For H.264 specifically, not only did they attempt to enforce patents on codec implementations, they actually tried to put a royalty on distributing content that’s encoded in H.264. Like, having a video embedded on your website? That costs a royalty. They eventually said that they wouldn’t enforce royalties on “free video distributed over the Internet”, but they apparently just gave up enforcing it altogether after a while because everybody refused to pay them.
This is Google’s motivation for AV1: they run YouTube, which reencodes approximately yes videos every day, and distributes even more than that. So they have an economic motivation to both get smaller file sizes, and to avoid using formats that make them pay royalties. Which is what led to Roku losing the rights to YouTube TV briefly: one of Google’s conditions was that they had to include a hardware AV1 decoder on any future devices, because they intend to go AV1-only as much as possible within the next few years; and they’ve apparently built an entire data center (or at least a very large section in an existing data center) just dedicated to transcoding the YouTube library to AV1.
Technical Review
It accomplishes that with a much more efficient frequency transform algorithm, but also by including a bunch of options to allow you to adapt the encoder to different types of video. There’s an algorithm that recognizes common forms of camera shake and adjusts the encoder to handle those better; I already told you about the “synthetic film grain” system which denoises the video to remove the existing film grain, compresses the new “clean” version without the inefficiency created by truly random film grain, and then adds back algorithmic film grain that compresses much better; there’s much better prediction and filter algorithms; as well as switching to a non-binary arithmetic coder, which dodges patents on binary arithmetic encoders while apparently making the algorithm much more efficient to implement in hardware.

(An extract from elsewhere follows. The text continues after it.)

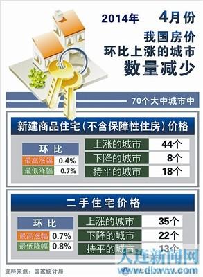 调查显示,4月份我国70个大中城市中,新建商品住宅和二手住宅价格环比上涨的城市个数分别为44个和35个,分别比上月减少了12个和7个;环比持平的城市个数为18个和13个,比上月增加了8个和减少了1个;环比下降的城市个数为8个和22个,比上月增加了4个和8个。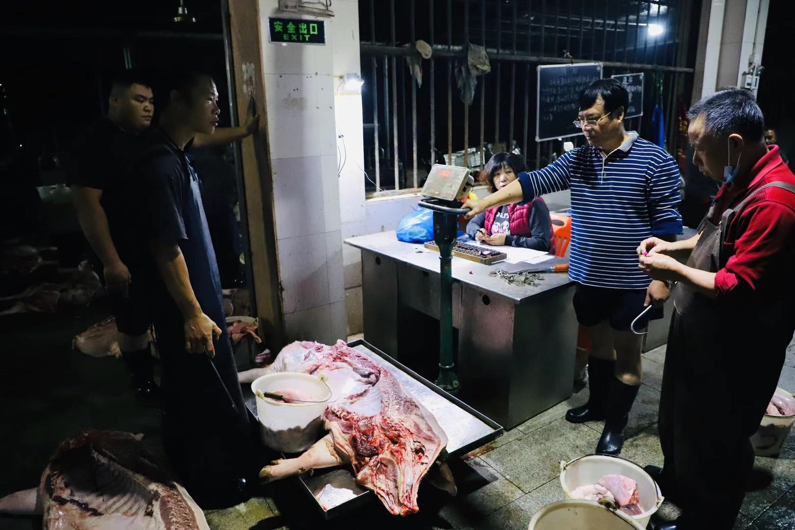 “戴好手套口罩,穿好膠鞋,進場前做好消毒沖水!豬肉分拆處理干凈就趕緊裝車,后面兄弟單位還在排隊,快快快!”凌晨兩點多,茂名濱海發展集團下屬子公司爵山食品公司燈火通明,屠宰工、清洗工數十余人已在緊張有序地開展生豬屠宰一線生產工作。

The main issue with AV1 right now is that it’s new and it’s slow. It’s getting better every day, but right now the software implementations of AV1 are still 1x in the best of conditions, and are often even slower; and hardware encoders are essentially unavailable outside of dedicated accelerator cards.
NVIDIA only just implemented hardware decoders for AV1 into the 3000-series cards, with their initial encoders coming on the 4000-series cards (which, as we discussed already, have their own issues). AMD’s at about the same point with decoders, and doesn’t even have plans for encoders yet. Intel included an encoder (and decoder) on their new Arc dedicated GPU, which is cool, but it hasn’t gotten wide adoption yet. Apple finally, begrudgingly, stuck a VP9 decoder into the M1 after it became clear that their push for HEVC adoption was going nowhere, but it looks like it’ll be at least another generation before we see any AV1 support (but they do seem to be working on it, as they added AVIF support to the most recent iOS/macOS update).
The bizarre thing about Apple is that they are a member of the Alliance for Open Media, and apparently invested into AV1, but they haven’t adopted it yet. I’m guessing it’s similar to the Lightning vs. USB-C thing, where Apple invested the money into developing the open standard because they wanted to be involved in designing it; but are going to stick to the expensive and annoying proprietary standard that they also developed out of spite until either the EU or Google end up forcing their hand.
Conclusion
It’s 50% better than H.264 and 20% better than HEVC while also not having any patent issues, but it’s really slow to encode with right now unless you have bleeding-edge hardware.